Make, Pro or Something Else

I am just learning to use Sketchup, but I am not sure that it will do what I am looking for. I tired Googling it, but I must not be using the right terms.

I am looking to make pieces (pipe tees, elbows, electric valves, hose…) and combine them into a model. Then print out a drawing or schematic of the model with arrows to each part that referenced a bill of materials. I was also able to display some components as a wireframe so you could see the layout behind it.

In the past I thought myself how to use Solidworks, and it worked very well for this. I know longer have access to it Solidworks.

Will a Make or Pro do this, or should I keep looking?

TIA

Roger

Make should do well for all the modeling. Doing your drawings with callouts and BOM can be done with Make, but is FAR easier with Pro since Pro includes Layout - which really should be seen as the essential companion to Make when you need decent drawings without excessive effort.

Feature wise? SU Make should suffice, but Pro would add the ability to create Dynamic Components (Make include non-dynamic component creation) which might be useful to combine multiple sizes of fittings into a single component.

Suggestion: Start with PRO - and it’s 30 day free trial. Play with using Layout for documents vs doing it all within Sketchup. That will let you see the difference - and whether or not the price of PRO will be worth it for you.
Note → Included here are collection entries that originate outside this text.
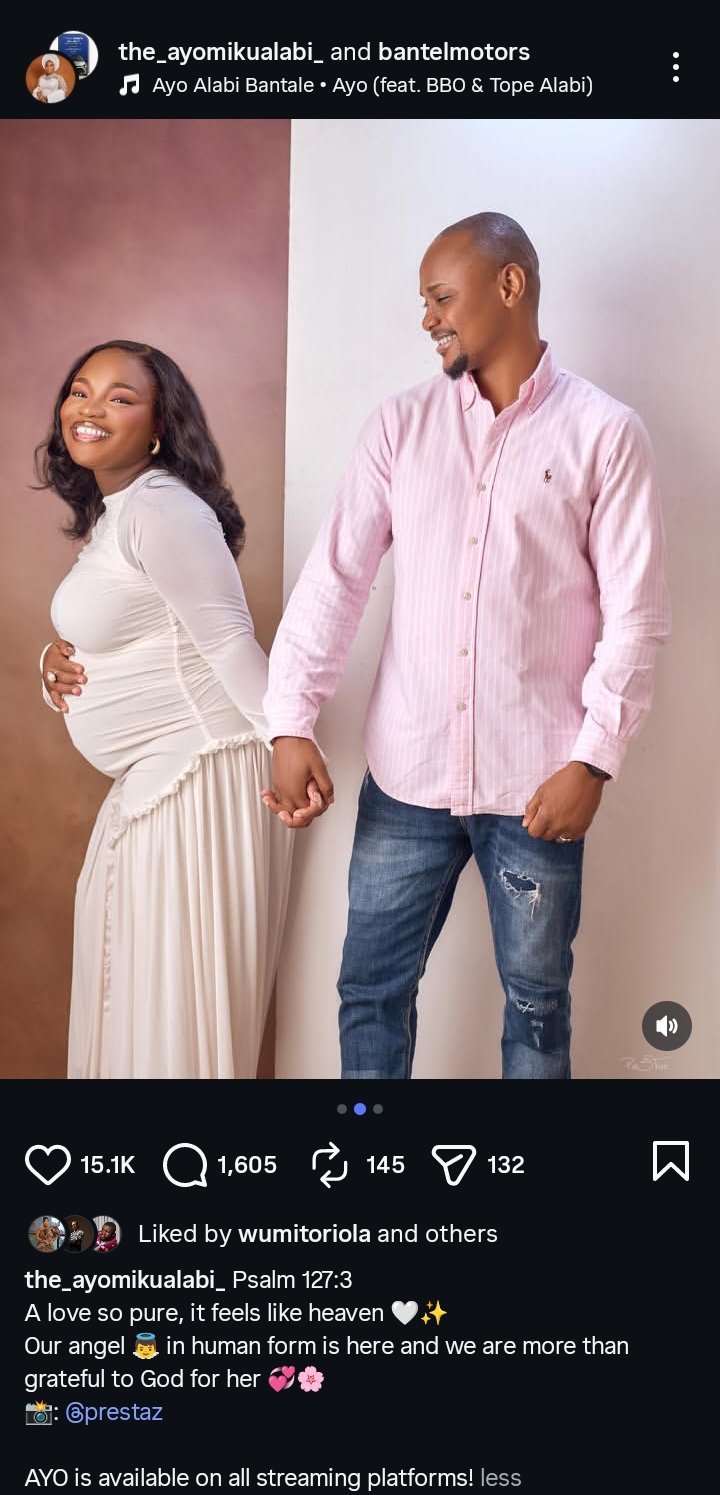 Tope Alabi’s daughter has welcomed her first child with her husband, bringing a wave of joy to the family of the celebrated Nigerian gospel singer.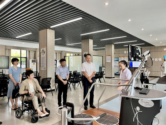 尹华凯一行先后在长沙民政职业技术学院健康养老大楼、湖南康复机器人工程技术研究中心、艺术学院、大运馆考察学院智慧健康养老服务与管理专业建设、科技助残、“文化+科技”专业融合建设、体育文化育人等情况。并对拟建设盲人柔道基地进行现勘。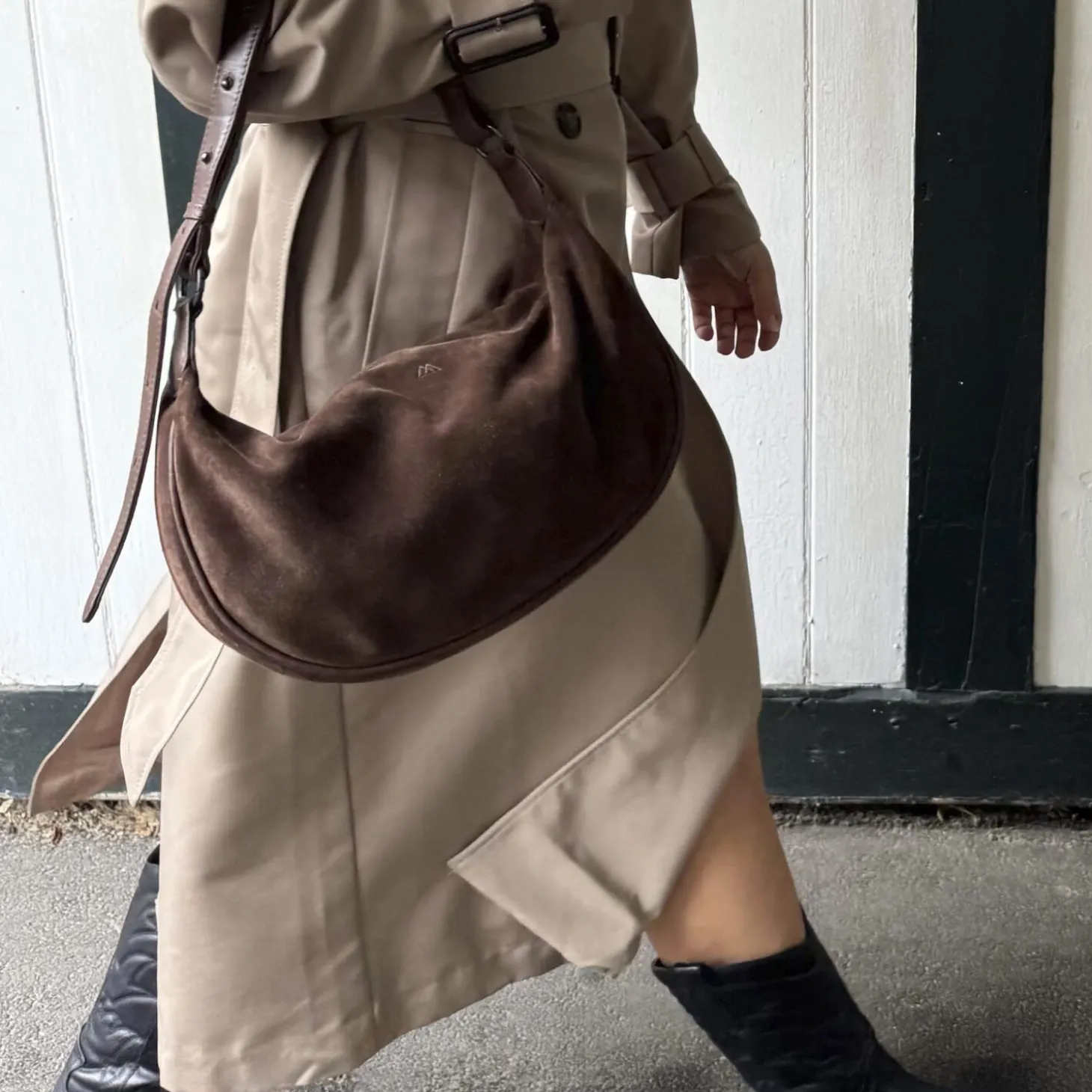 Opdag Mini Muse i Suede fra Markberg. En smuk og stilrent taske, der kombinerer trend, funktionalitet og tidløs elegance. Fremstillet af 100% kalveskind med fokus på zero waste, er denne taske en ægte designperle. I denne sæson er suede i centrum og denne taske er en del af vores nye udvalg af “it-bags”. Den elegante taske er designet med både et kort håndtag og en lang crossbody rem i læder, så du kan bære den, lige som det passer dig, til hverdag eller fest. Remmen udskiftes ved at åbne ringene i begge sider, hvorefter læderstroppen kan fjernes og udskiftes. Indvendigt finder du et rummeligt hoved rum, der har plads til alt, du behøver på farten, samt en lille lynlåslomme til værdigenstande. Taskens for er i 100% bomuld, hvilket giver et lækkert og holdbart finish. Med sine mål på 16 cm x 28 cm x 7 cm er denne taske den perfekte kombination af funktionalitet og stil, en ægte must-have, der vil følge dig i mange år fremover.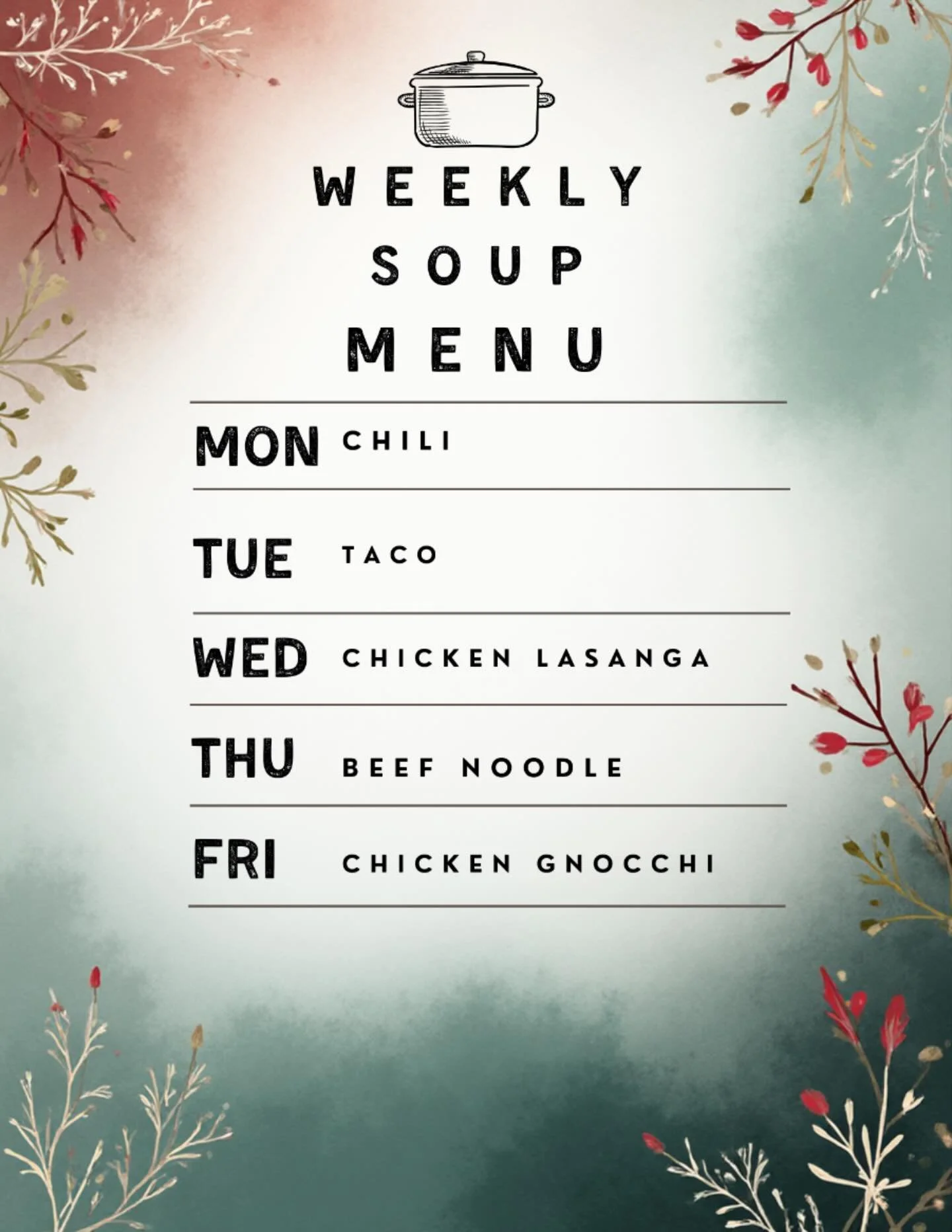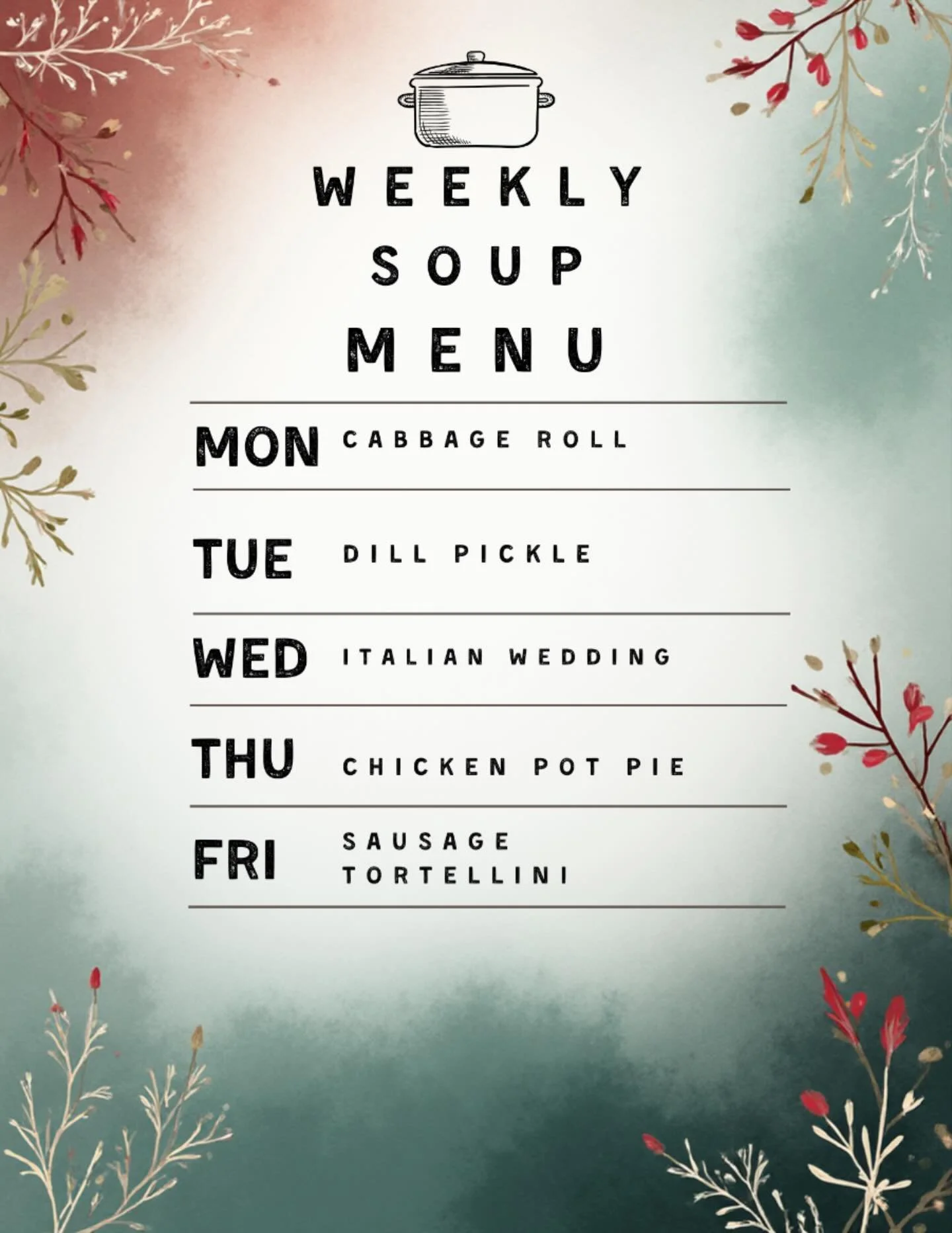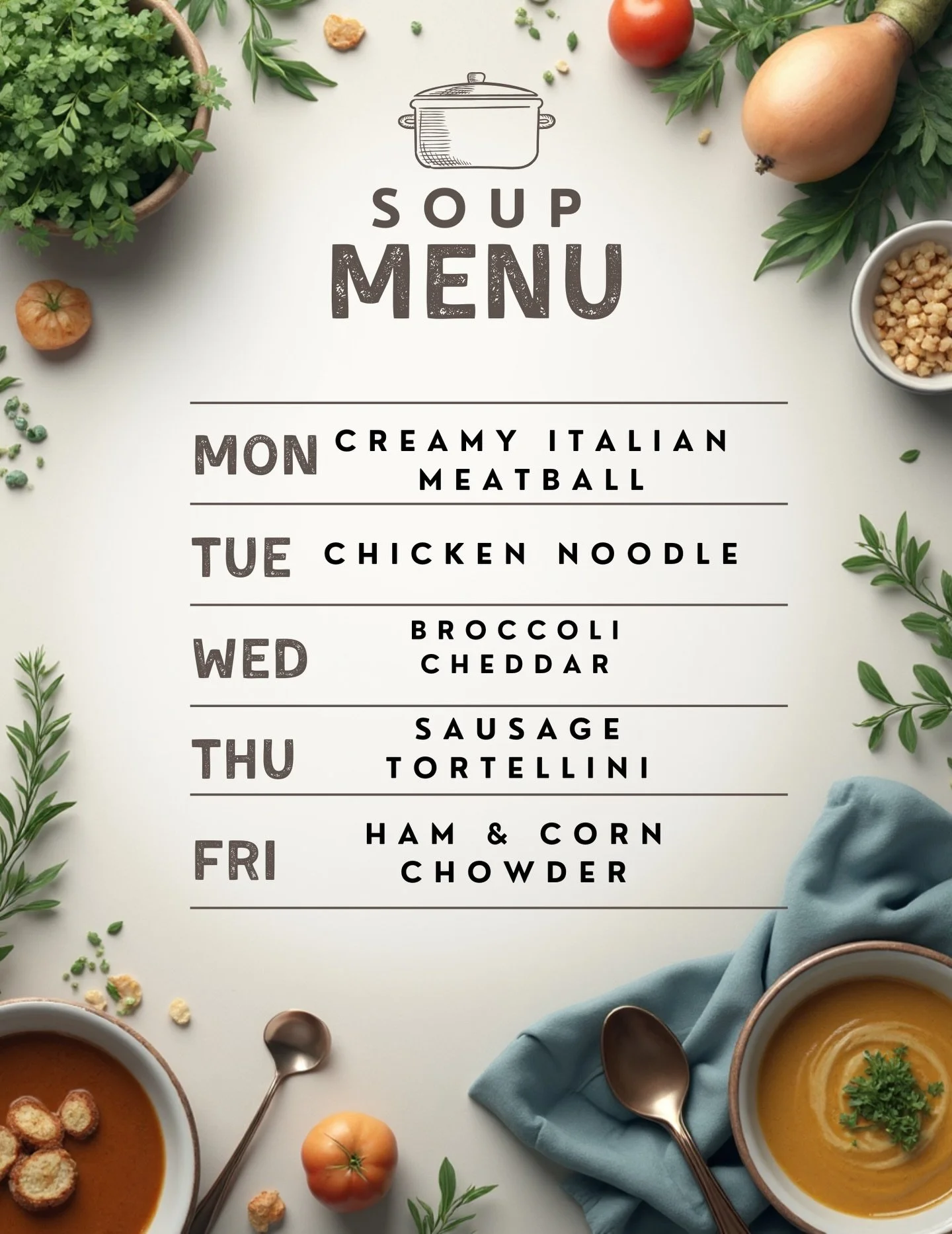 Muffins, Cookies,Brownies,Sweet & Savoury Croissants, Grab and Go snack and lunch items.

One caveat: If you intend ANY commercial use you’ll have to go Pro. This includes in house use for any business.

if you need volume modeling in the MCAD area incl. model to sheet, bill of material and exchange data via 3D CAD formats as STEP, SAT or IGES etc. check ViaCAD.

Welcome to the forums @rvos! SketchUp is certainly capable of making the type of pieces you are describing and putting them together in a final model. There are plenty of different types of pipe components on the 3D warehouse and even a few extensions that are designed specifically to help generate pipes and provide a BOM.

If you have not already done so, try downloading SketchUp Make and play around with some of the tools and see what you can do. If you have any questions or get stuck on something, please feel free to ask on the forums, we are here to help you learn! There is also the knowledge center and official youtube channel to help you out if you want to give those a try.

In short, SketchUp can do what you want it to, but you need to be willing to spend some time learning it. Try the free version and see what you can do. Ask questions if you are stuck (I really do love helping people learn to use SketchUp). I look forward to hearing from you in the future, hopefully about a successful project.